◆ What is needed ◆
With images removed, return the whole listing exactly as written.

◆ Data excerpt ◆
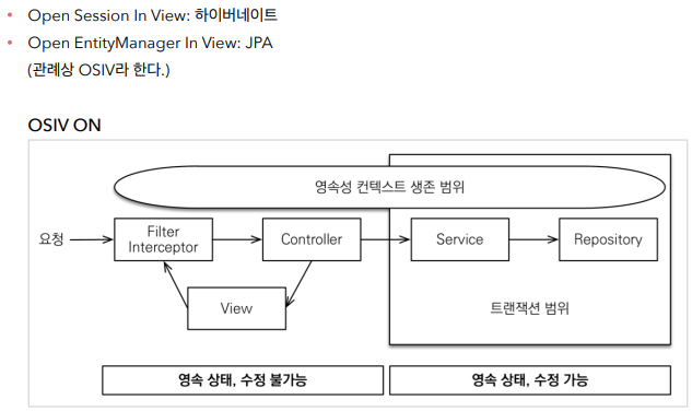 OSIV는 open session in view의 줄임말인데, 영속성 컨텍스트 즉, db 커넥션이 언제까지 살아있게 할거냐를 결정한다.
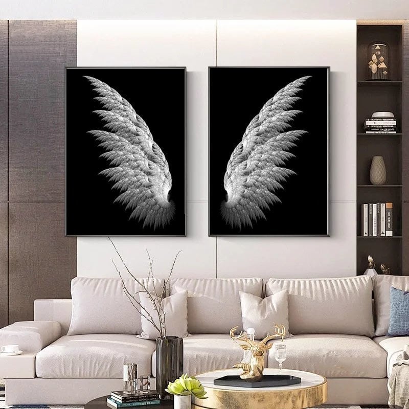 İkili Kanvas Tuval Tablo Beyaz Kanat Kod: Y751-K
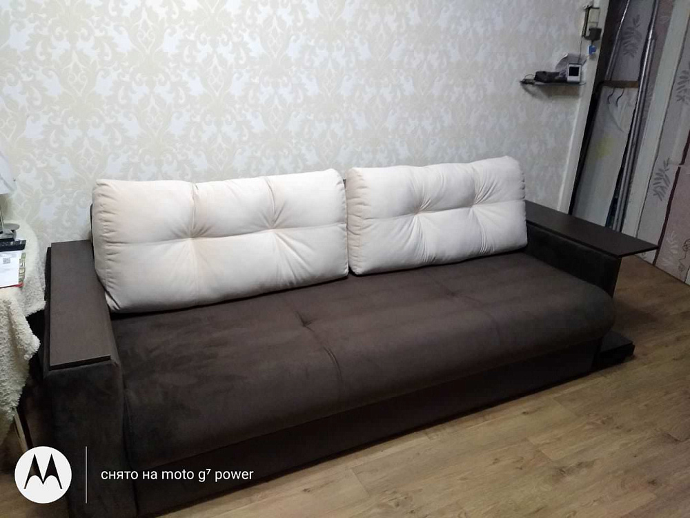 Деревянные подлокотники отличаются от тканевых тем, что их поверхность не так быстро загрязняется. Их гораздо легче чистить - достаточно протереть влажной тряпочкой с мылом или без. Но главное преимущество широких деревянных подлокотников - возможность использования их поверхности в качестве столика: журнального или кофейного. Всё нужное с такими подлокотниками, всегда под рукой. Лишний раз вставать и идти за этими вещами не надо. Можно расслабиться.

◆ Answer box ◆
 OSIV는 open session in view의 줄임말인데, 영속성 컨텍스트 즉, db 커넥션이 언제까지 살아있게 할거냐를 결정한다.
 İkili Kanvas Tuval Tablo Beyaz Kanat Kod: Y751-K
 Деревянные подлокотники отличаются от тканевых тем, что их поверхность не так быстро загрязняется. Их гораздо легче чистить - достаточно протереть влажной тряпочкой с мылом или без. Но главное преимущество широких деревянных подлокотников - возможность использования их поверхности в качестве столика: журнального или кофейного. Всё нужное с такими подлокотниками, всегда под рукой. Лишний раз вставать и идти за этими вещами не надо. Можно расслабиться.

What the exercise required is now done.